__Task item__.
For this exercise, write out the full listing that follows exactly and skip its pictures.

__Provided data__.
#####
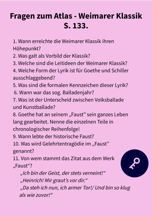 1. Wann erreichte die Weimarer Klassik ihren Höhepunkt? 2. Was galt als Vorbild der Klassik? 3. Welche sind die Leitideen der Weimarer Klassik? 4. Welche Form der Lyrik ist für Goethe und Schiller ausschlaggebend? 5. Was sind die formalen Kennzeichen dieser Lyrik? 6. Wann war das sog. Balladenjahr? 7. Was ist der Unterscheid zwischen Volksballade und Kunstballade? 8. Goethe hat an seinem „Faust” sein ganzes Leben lang gearbeitet. Nenne die einzelnen Teile in chronologischer Reihenfolge! 9. Wann lebte der historische Faust? 10. Was wird Gelehrtentragödie im „Faust” genannt? 11. Von wem stammt das Zitat aus dem Werk „Faust“? „Ich bin der Geist, der stets verneint!“ „Heinrich! Mir graut’s vor dir.“ „Da steh ich nun, ich armer Tor!/ Und bin so klug als wie zuvor!“
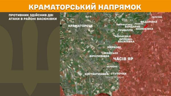 На Краматорському напрямку ворог провів дві атаки в районі Васюківки.
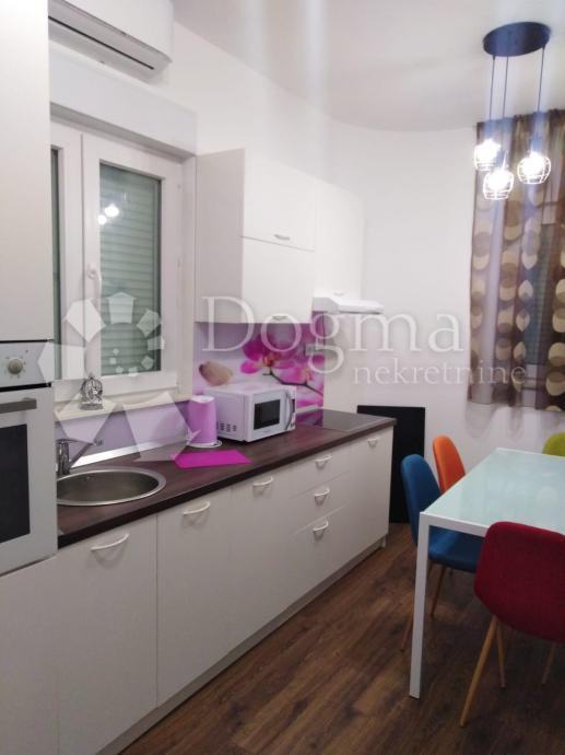 Potpuno je namješten i opremljen kućanskim uređajima (perilica posuđa, perilica rublja, tri
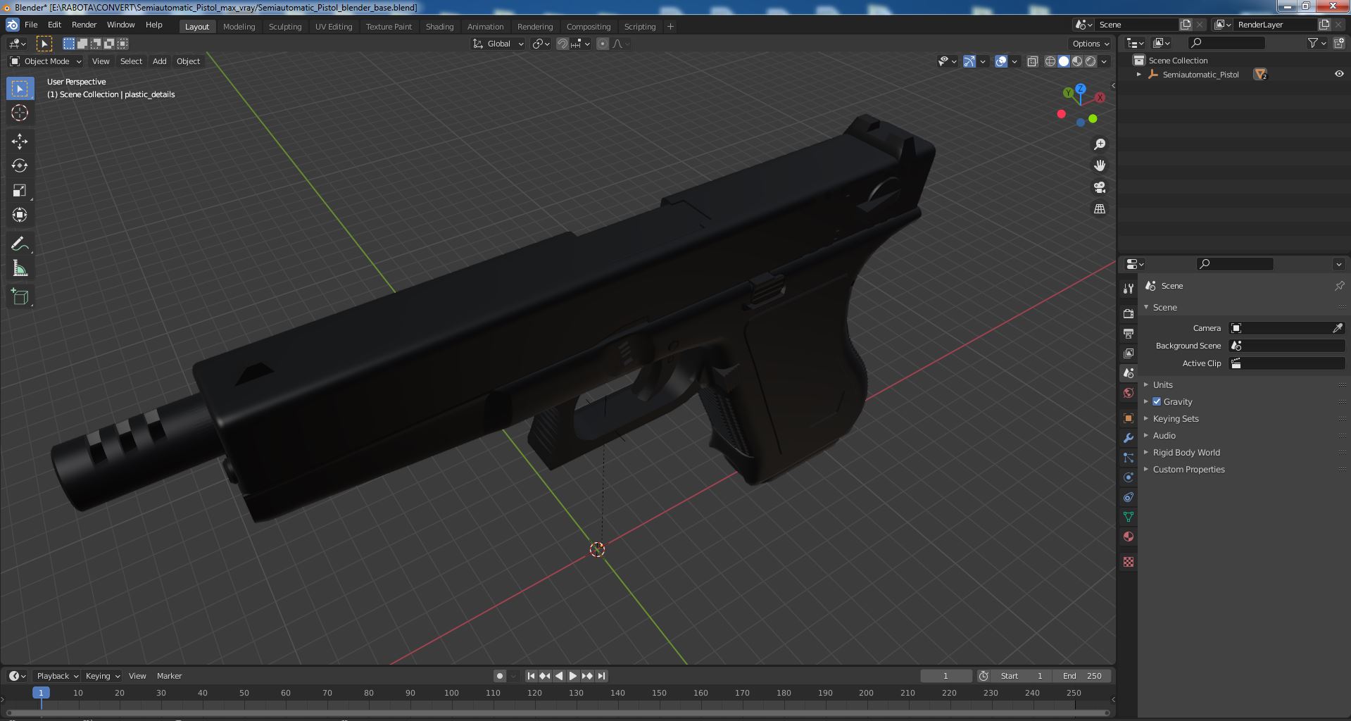 Semiautomatic Pistol is a high quality, photo real 3d model that will enhance detail and realism to any of your rendering projects. The model has a fully textured, detailed design that allows for close-up renders, and was originally modeled in 3ds Max 2020 and rendered with V-Ray. Renders have no postprocessing!
#####
__Response__.
 1. Wann erreichte die Weimarer Klassik ihren Höhepunkt? 2. Was galt als Vorbild der Klassik? 3. Welche sind die Leitideen der Weimarer Klassik? 4. Welche Form der Lyrik ist für Goethe und Schiller ausschlaggebend? 5. Was sind die formalen Kennzeichen dieser Lyrik? 6. Wann war das sog. Balladenjahr? 7. Was ist der Unterscheid zwischen Volksballade und Kunstballade? 8. Goethe hat an seinem „Faust” sein ganzes Leben lang gearbeitet. Nenne die einzelnen Teile in chronologischer Reihenfolge! 9. Wann lebte der historische Faust? 10. Was wird Gelehrtentragödie im „Faust” genannt? 11. Von wem stammt das Zitat aus dem Werk „Faust“? „Ich bin der Geist, der stets verneint!“ „Heinrich! Mir graut’s vor dir.“ „Da steh ich nun, ich armer Tor!/ Und bin so klug als wie zuvor!“
 На Краматорському напрямку ворог провів дві атаки в районі Васюківки.
 Potpuno je namješten i opremljen kućanskim uređajima (perilica posuđa, perilica rublja, tri
 Semiautomatic Pistol is a high quality, photo real 3d model that will enhance detail and realism to any of your rendering projects. The model has a fully textured, detailed design that allows for close-up renders, and was originally modeled in 3ds Max 2020 and rendered with V-Ray. Renders have no postprocessing!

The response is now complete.